Coordinated Approach Fusing Time-shift Multiscale Dispersion Entropy and Vibrational Harris Hawks Optimization-based SVM for Fault Diagnosis of Rolling Bearing

Abstract To fully mine the effective fault information and improve the fault diagnosis accuracy, a novel fault diagnosis approach for rolling bearings is proposed by integrating variational mode decomposition (VMD), time-shift multiscale dispersion entropy (TSMDE) and support vector machine (SVM) optimized by vibrational Harris hawks optimization algorithm (VHHO).
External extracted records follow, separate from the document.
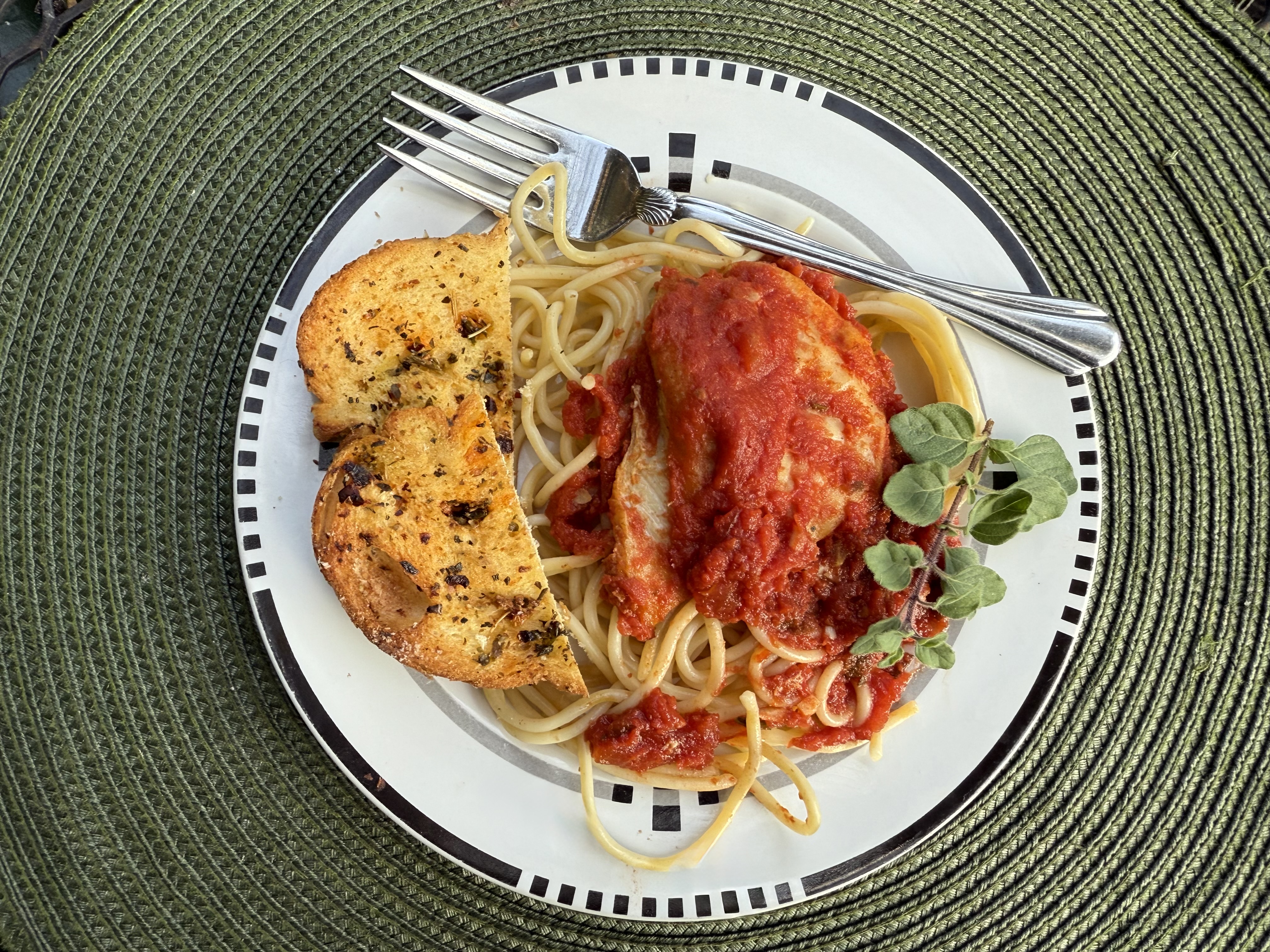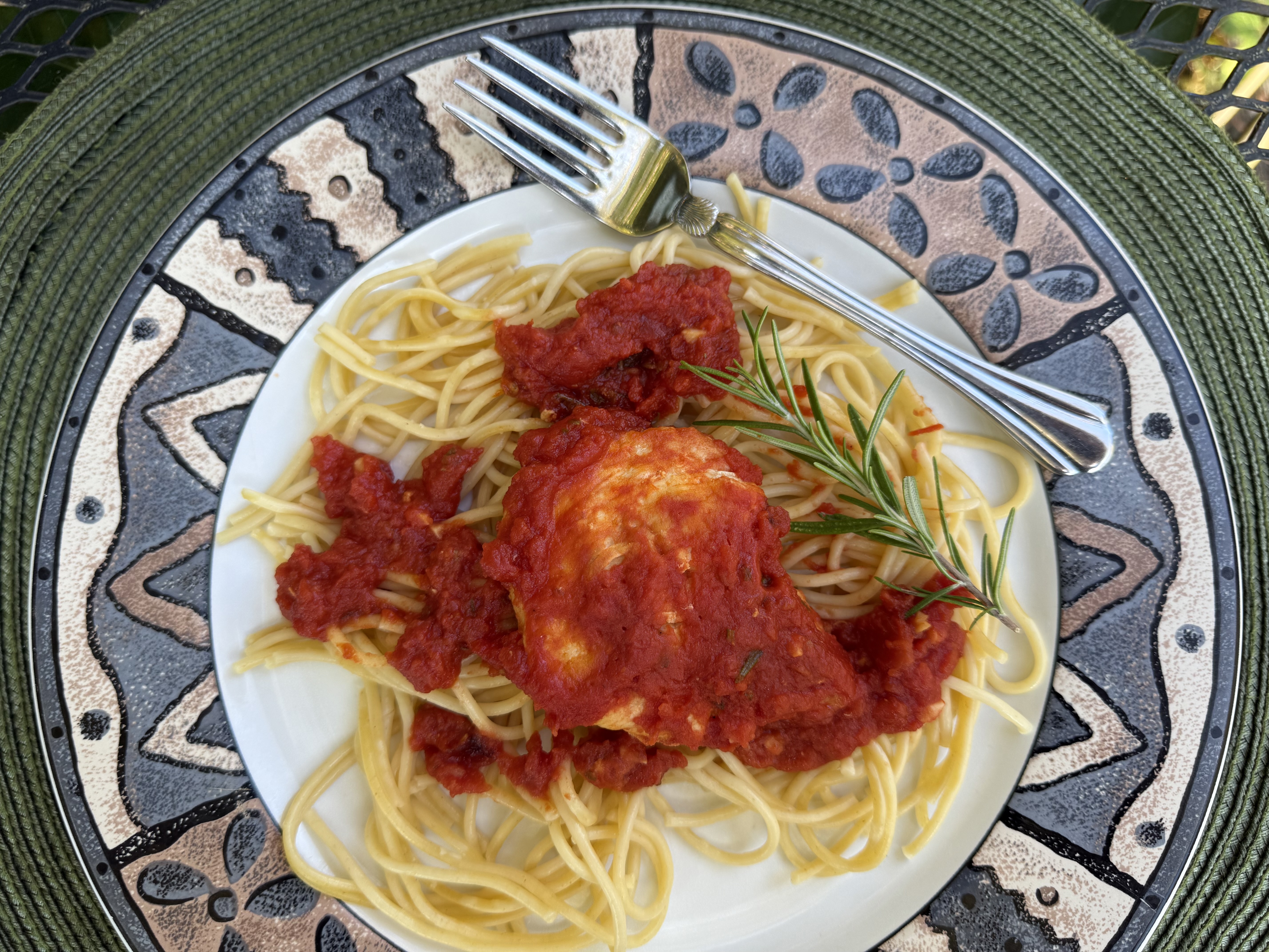 Partially cover and let the chicken bubble and simmer away for about 30 minutes until the chicken is tender. The flavors of the herbs and white wine blend in making an absolutely delicious tomato sauce. I did find it necessary to add additional water — as the tomatoes were beginning to stick.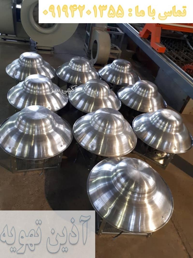 اگزاست فن قارچی آذین تهویه در سایزهای پروانه 25 سانت تا 90 سانت با فن سانتریفیوژ بکوارد و یک کلاهک محافظ تولید می شود.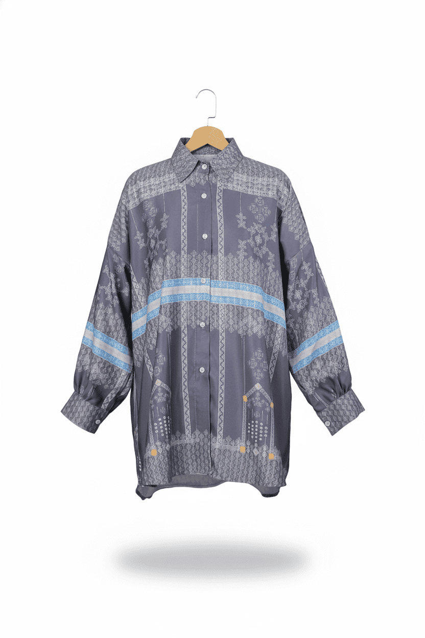 Crafted in an oversize cut, this shirt offers a relaxed structure that falls naturally on the body, creating effortless style suitable for modern fashion needs. It provides comfort and graceful movement, making it ideal for both casual settings and more polished occasions. The grey color enhances the design’s sophistication—soft, calming, and universally flattering—allowing the detailed pattern to shine subtly and beautifully.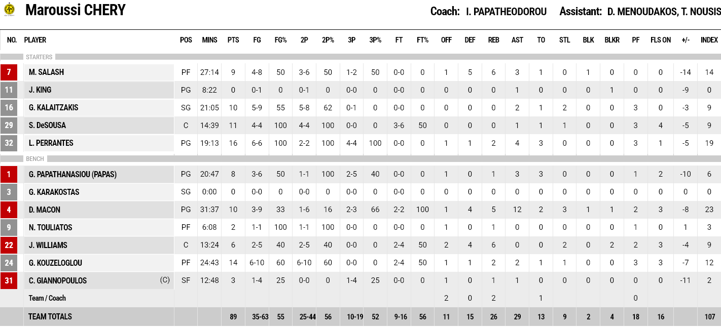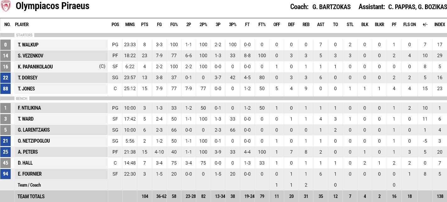 Ξεχώρισαν: Ταϊρίκ Τζόουνς και Άλεκ Πίτερς είχαν από 15 πόντους έκαστος, με εννέα και οκτώ ριμπάουντ αντίστοιχα, ενώ 13 πόντους και έξι ασίστ είχε ο Ντόρσεϊ. Για το Μαρούσι, 16 πόντους είχε ο Περάντες και 14 ο Κουζέλογλου.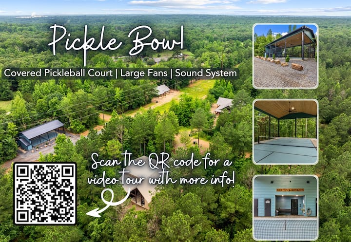 Lo que diferencia a It Takes a Village es nuestra única cancha de pickleball cubierta (Pickle Bow). Tanto si eres un jugador experimentado como si eres nuevo en el juego, nuestra cancha ofrece diversión infinita para todas las edades. Reúne a tu familia y amigos para una estancia inolvidable llena de relajación, aventura y competencia amistosa en It Takes a Village. Como huésped de las cabañas, tendrás acceso a la nueva cancha de pickleball de lujo, Pickle Bow. Los huéspedes de la cabaña reciben 2 horas de cortesía por día. Se puede comprar tiempo adicional en la cancha por $ 60 por sesión de 2 horas. Los alojamientos en canchas incluyen acceso gratuito a paletas y pelotas de pickleball. Recibirás un correo electrónico de Treeline Vacation Rentals con instrucciones y un enlace para reservar las fechas y horas de la corte que prefieras en Pickle Bow.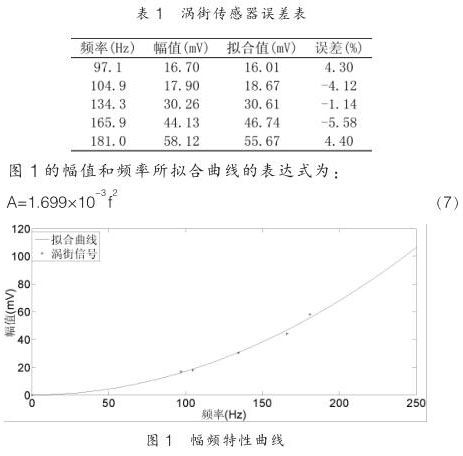 其中 K 1 為儀表系數(shù), D 為管道直徑。在管道口徑 D 不變,流體密度不變的情況下,渦街傳感器的輸出幅值與 f 2 成正比,具體表達(dá)形式可以根據(jù)實(shí)驗(yàn)測(cè)出。本文以 50mm 口徑氣體實(shí)驗(yàn)為例,數(shù)據(jù)如表 1 所示: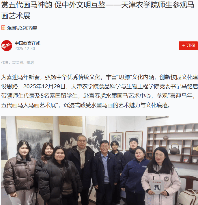 2025年12月30日,学习强国平台、中国教育在线网报道,我校食品科学与生物工程学院党委书记马铭启带领师生代表及5名泰国留学生,赴宫春虎水墨画马艺术中心,参观“喜迎马年,五代画马人马画艺术展”,沉浸式感受水墨马画的艺术魅力与文化底蕴。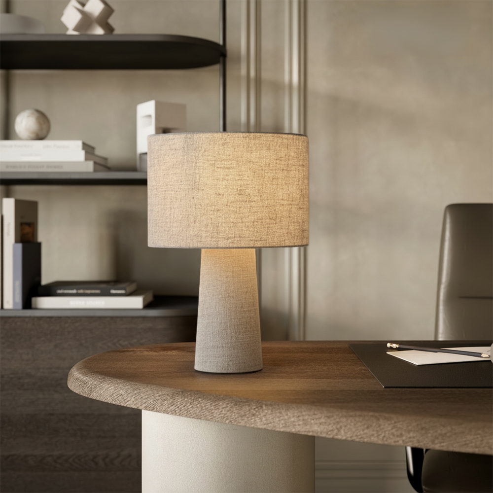 The Melyro lino table lamp has a soft, rounded shape reminiscent of a mushroom, but lighter and more refined. The linen looks sturdy and full, giving the lamp a distinct presence.

Firstly, vibration signals with different fault types are decomposed into several intrinsic mode functions (IMFs) by VMD. Subsequently, the proposed TSMDE aggregating time-shift procedure and dispersion entropy is employed to extract multiscale fault features from IMFs. Afterwards, the proposed VHHO that adopts a periodic mutation mechanism to enhance the original Harris hawks optimization (HHO) is devoted to search the optimal parameters of SVM, with which different faults are recognized. Finally, simulations and applications are conducted to evaluate the proposed coordinated VMD-TSMDE-VHHO-SVM approach, and the results reveal that the proposed approach can achieve better diagnosis performance than other comparative ones.